Nel giardino del Museu de Arte Antiga, con vista sul Tago notturno e il profilo luminoso del ponte 25 aprile, Bernadette Caille, curatrice francese, ha presentato lo splendido programma sui cinegiornali del Maggio francese, qui per la prima volta (in selezione) fuori dalla Francia in versione restaurata dopo il ritrovamento (in tutto sono 111), e dopo la prima alle Rencontres Photographiques di Arles. Anonimi, ma com’è noto talvolta costruiti con l’apporto di Godard, Marker, William Klein. Bobine 16mm di tre minuti: folgorazioni mute di fotografie splendide, con didascalie incisive e sferzanti per poesia e lucidità politica.

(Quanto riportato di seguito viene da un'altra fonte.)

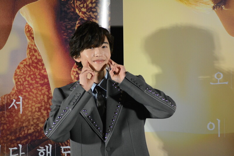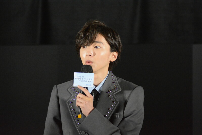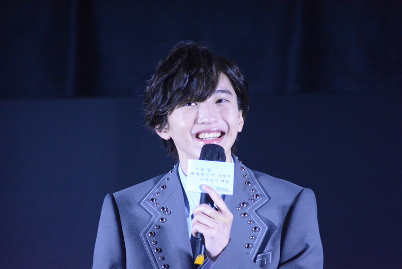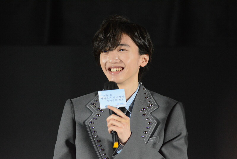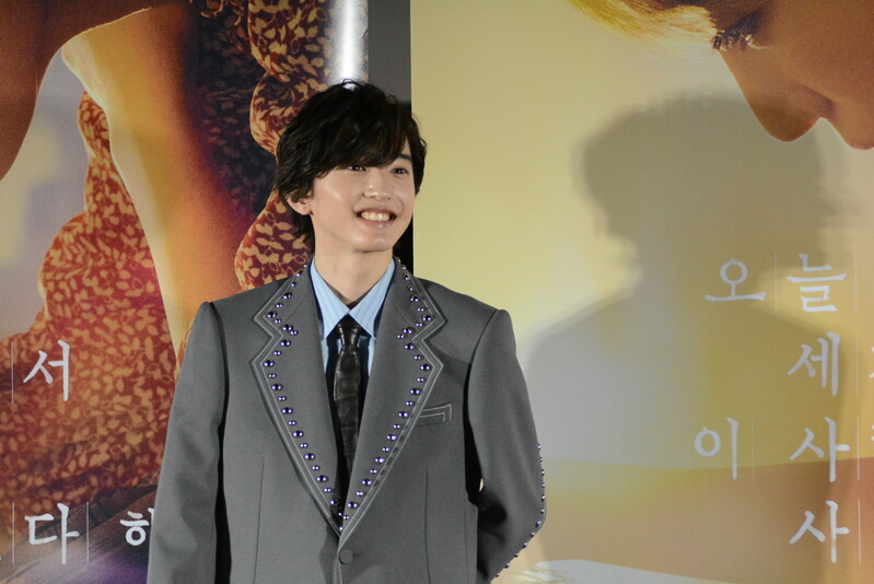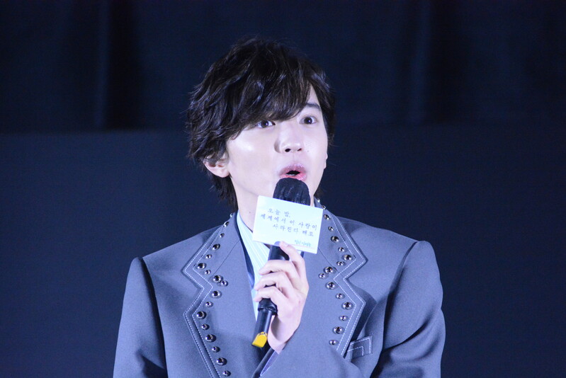These photos taken during the press conference of the movie "Even if this love disappears from the world tonight" show actor Michieda Shunsuke who played the role of the protagonist Kamiya Tooru.

Sempre affollatissima la serata dei video in concorso, la «open call» portoghese curata da Chougnet: 24 video scelti fra i quasi 200 arrivati. Memoria, identità, violenza, inquietudine. E mescolanza di linguaggi e generi: animazione, performance, finzione, fotografia, televisione; astrazioni, realismo. Il primo premio è andato a Sem título, dei giovani Luciano Scherer e Marta Flores, 5’. Ritrae, col solo suono dell’ambiente, corpi che il mare porta sulla spiaggia, corpi inerti di performer che oscillano come morti fra l’acqua e la sabbia, ricordando i corpi delle persone vere scaraventate nella morte e nell’oblìo dal calcolo, dalla crudeltà e dall’indifferenza del potere. Un lavoro onesto e sommesso, partecipe, lontano dalle mode, dagli slogan, dalle demagogie.
STORIE DI LUCE
Si attraversa il Tago e si passa di là, lasciandosi alle spalle Lisbona con le sue colline. Qui, il lungofiume si snoda fra rovine di case ornate di graffiti colorati e spiazzi erbosi ben allestiti, e dopo il ristorante «Ponto final» coi suoi tavolini sul fiume che già sembra mare ecco un edificio trasformato in atelier per artisti. Irit Batsry, di origine israeliana ma da trent’anni a New York e da tempo fra New York e Lisbona, ha qui il suo studio. Videoartista attiva nel mondo e fra le più importanti internazionalmente, espone la sua installazione Screen (2018), trina di pellicola attraversata da una videoproiezione. Consulente artistica di FUSO e presenza generosa e costante al festival, Batsry dirige «Loops Lisboa», che si tiene da qualche anno in autunno: un festival dedicato alle forme audiovisive basate sulla ripetizione. Ma qui ha intrapreso anche una fase nuova del suo lavoro, incentrata sul riutilizzo di vecchie pellicole, trovate nei mercatini, amorevolmente trattate: su tela, su superfici trasparenti; intrecciate e combinate come in nuove forme di pareti o di schermi in videoinstallazioni; con nastri riflettenti che le percorrono, raddoppiandone il senso. E perfino le vecchie scatole arrugginite dei film diventano per questa artista fonte di ispirazione. Videoarte che si lascia attraversare dal cinema, cinema attraversato dal video, pellicola come materia da lavorare, trasparenza concreta.